Key job responsibilities
Model Training Optimization
- Design and implement strategies to improve training throughput and reduce time-to-convergence
- Profile and eliminate bottlenecks in data loading, preprocessing, and model computation
- Develop and maintain training infrastructure that scales efficiently with model and dataset size
Inference Optimization
- Optimize models for low-latency, high-throughput production inference
- Implement and benchmark inference optimizations across various hardware targets (GPU, CPU, edge devices)
- Establish performance benchmarks and monitoring for inference pipelines
Service Ownership & Operations
- Own production services that support ML decision models, including ranking services, orchestration layers, and model-serving infrastructure
- Participate in on-call rotation to ensure service reliability, respond to operational issues, and drive continuous improvement
- Design and implement monitoring, alerting, and observability solutions for ML services to proactively identify and resolve issues
- Manage service dependencies, API contracts, and integration points between ML models and downstream systems
- Drive operational excellence through automation, runbook development, and post-incident reviews
Cross-Functional Collaboration
- Partner with research teams to understand model architectures and identify optimization opportunities
- Collaborate with Science/ML teams on service integration points and ownership boundaries for ML components
- Contribute to best practices and tooling for ML efficiency across the organization
- Evaluate emerging hardware and software technologies for potential adoption
A day in the life
An MLE's day typically begins with checking model performance metrics and reviewing overnight training runs. Mornings often involve team standups and planning sessions. The core work includes cleaning and preprocessing data, developing and fine-tuning models, writing Python code (both by yourself and via GenAI coding tools), and debugging pipelines. Afternoons might feature collaboration with data scientists and software engineers, code reviews, and deploying models to production. Service ownership responsibilities include monitoring production systems, responding to alerts, participating in on-call rotations, and ensuring model reliability and performance in live environments. Time is spent reading research papers and attending annual conferences to stay current on state of the art model training and online inference optimization techniques.

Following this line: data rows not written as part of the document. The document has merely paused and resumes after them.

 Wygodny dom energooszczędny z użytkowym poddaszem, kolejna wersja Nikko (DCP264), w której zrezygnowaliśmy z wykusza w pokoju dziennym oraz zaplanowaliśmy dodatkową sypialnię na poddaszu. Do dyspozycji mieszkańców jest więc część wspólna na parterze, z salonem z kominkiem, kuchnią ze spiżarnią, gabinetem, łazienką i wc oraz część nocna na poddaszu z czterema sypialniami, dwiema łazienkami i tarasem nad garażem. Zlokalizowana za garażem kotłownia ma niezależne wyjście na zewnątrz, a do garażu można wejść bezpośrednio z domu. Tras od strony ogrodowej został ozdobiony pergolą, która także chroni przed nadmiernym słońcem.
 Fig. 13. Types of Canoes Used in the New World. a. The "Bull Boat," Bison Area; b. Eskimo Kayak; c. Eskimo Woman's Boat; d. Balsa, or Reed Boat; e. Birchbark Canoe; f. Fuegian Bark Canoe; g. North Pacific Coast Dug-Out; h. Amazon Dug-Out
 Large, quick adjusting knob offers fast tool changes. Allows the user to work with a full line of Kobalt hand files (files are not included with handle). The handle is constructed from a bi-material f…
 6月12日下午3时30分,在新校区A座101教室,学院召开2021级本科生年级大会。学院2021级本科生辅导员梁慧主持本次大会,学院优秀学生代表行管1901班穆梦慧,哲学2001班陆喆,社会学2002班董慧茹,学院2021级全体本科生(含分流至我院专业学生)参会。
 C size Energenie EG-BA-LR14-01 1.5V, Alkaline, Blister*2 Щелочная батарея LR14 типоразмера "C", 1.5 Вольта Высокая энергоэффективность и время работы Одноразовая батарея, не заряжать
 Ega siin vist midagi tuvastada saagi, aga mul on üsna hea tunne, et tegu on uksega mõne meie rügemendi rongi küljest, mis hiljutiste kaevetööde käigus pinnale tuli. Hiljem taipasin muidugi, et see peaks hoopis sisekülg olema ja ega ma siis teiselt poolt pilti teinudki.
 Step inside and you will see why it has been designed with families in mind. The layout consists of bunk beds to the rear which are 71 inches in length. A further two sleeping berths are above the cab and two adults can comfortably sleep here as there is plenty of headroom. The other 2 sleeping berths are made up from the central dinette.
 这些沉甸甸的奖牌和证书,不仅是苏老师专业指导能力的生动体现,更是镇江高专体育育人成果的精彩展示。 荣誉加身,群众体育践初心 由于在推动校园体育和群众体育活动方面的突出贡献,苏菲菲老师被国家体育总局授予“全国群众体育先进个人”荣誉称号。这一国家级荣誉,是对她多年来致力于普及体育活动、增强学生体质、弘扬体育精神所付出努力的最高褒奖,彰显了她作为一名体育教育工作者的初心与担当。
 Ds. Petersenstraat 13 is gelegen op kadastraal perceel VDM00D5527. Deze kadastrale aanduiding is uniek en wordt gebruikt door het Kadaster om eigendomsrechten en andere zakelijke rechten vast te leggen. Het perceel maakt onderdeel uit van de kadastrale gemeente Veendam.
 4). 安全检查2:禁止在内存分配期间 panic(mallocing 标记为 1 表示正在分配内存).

- 3+ years of full software development life cycle, including coding standards, code reviews, source control management, build processes, testing, and operations experience
- Experience in machine learning, data mining, information retrieval, statistics or natural language processing
- Experience programming with at least one modern language such as Java, C++, or C# including object-oriented design
- Experience with Machine Learning and Large Language Model fundamentals, including architecture, training/inference lifecycles, and optimization of model execution
- Experience building complex software systems that have been successfully delivered to customers
- Experience with Machine and
We are seeking a Machine Learning Engineer to join the Amazon Music AI and Personalization team and drive model training efficiency and inference optimization improvements. In this role, you will work at the intersection of machine learning and systems engineering, ensuring our models train faster, cost less, and run efficiently in production environments. You will collaborate closely with research scientists, platform engineers, and product teams to deliver scalable, high-performance ML solutions that help customers discover great new products and save money on products that they are evaluating.
Key job responsibilities
Model Training Optimization
- Design and implement strategies to improve training throughput and reduce time-to-convergence
- Profile and eliminate bottlenecks in data loading, preprocessing, and model computation
- Develop and maintain training infrastructure that scales efficiently with model and dataset size
Inference Optimization
- Optimize models for low-latency, high-throughput production inference
- Implement and benchmark inference optimizations across various hardware targets (GPU, CPU, edge devices)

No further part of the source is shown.